GANDHI'S NON-VIOLENCE WAS ONLY A POLITICAL STRATEGY.
"In India, Jainas were a great majority of my lovers, but the day I spoke on sex that majority – camels – simply disappeared. Yes, a few remained; a few of them are even here. They proved to be lions; they could see and connect themselves with my truth."
"There were many Gandhians – until the day I spoke against Gandhi and said that he was the most cunning politician, not only of this century but of the whole history, that all his religion was mumbo-jumbo; it was a curtain to dominate the whole country. And although he was saying that he was in search of truth, he was continually lying, just like a politician."

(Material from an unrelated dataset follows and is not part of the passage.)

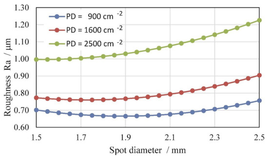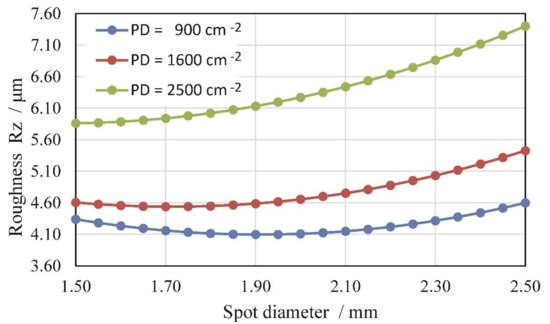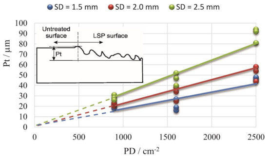 Profile depth (Pt) is a kind of important information for planning additional process operations after LSP, like grinding and polishing. It shows us the height difference between the untreated and LSP-treated surfaces (inserted in Figure 7). We can find out that increasing PD influences the increase of profile depth and it is more distinct at a large diameter of a laser spot. Profile depth increases linearly in conjunction with increasing PD. The line is tilt more greatly in the case of bigger SDs. Especially the trend of Pt results is very unfavorable when applying LSP with a laser SD of 2.5 mm (Figure 7). The surface profile was lowered by almost 100 µm in the case of PD = 2500 cm−2.

"He was saying that when the country becomes free, all the armies will be dissolved; there will be no military, there will be no weapons, because a nonviolent country has no need of such things. One
American author, Louis Fisher, asked him, "If you dissolve all the armies and the military, and you don't have any weapons, and somebody attacks you, what will you do?"
He said, "We will welcome them. We will say to them, 'There is no need for any bloodshed. If you want to live here in this country, come, be our guests. You are welcome.'"
"But this was before freedom came to India. When India became independent, everything changed. The army was not dissolved, but increased. The military was not dissolved – now India has one of the biggest military forces. Weapons were not dissolved. India has atomic plants and is now making every effort to have nuclear weapons – at the cost of half of the country dying, without food! India is exporting wheat to other countries, because the politicians need money to make a nuclear plant."
"And these are all Gandhians."
"When Gandhi was alive, after independence, Pakistan attacked one part of Kashmir. India had to fight with the invaders, and you cannot believe that Gandhi blessed the first fighter planes to go and destroy Pakistanis – who were Indians just a few days before! Where had his nonviolence gone? He was blessing fighting planes, sending them to destroy the same people for whom he had been fighting for freedom his whole life."
"When I said that his nonviolence was a political strategy.... It was clear that to fight against the British government with weapons was impossible. From where are you going to get all those weapons
against the empire? – perhaps the biggest empire that has existed ever. It was said that the sun never sets on the British empire. It was true: if it sets in one country, it rises in another, but as far as the whole British empire is concerned, it never sets. This was the biggest empire of man's history. Against this empire how can you fight?"
"And not only can you not fight, you don't have the means to fight. You don't have even men to fight – Indians are so lousy, so cowardly, so superstitious, and so faithful to the idea that nothing happens without God's will. "It is God's will that Britain is ruling our country. To fight against Britain and its empire is to fight against God's will." That was the Indian conditioning.'
"Naturally Gandhi invented a new strategy – nonviolence, which was always respected by the Indians as the most significant religious quality. But his nonviolence was not that of a religious man."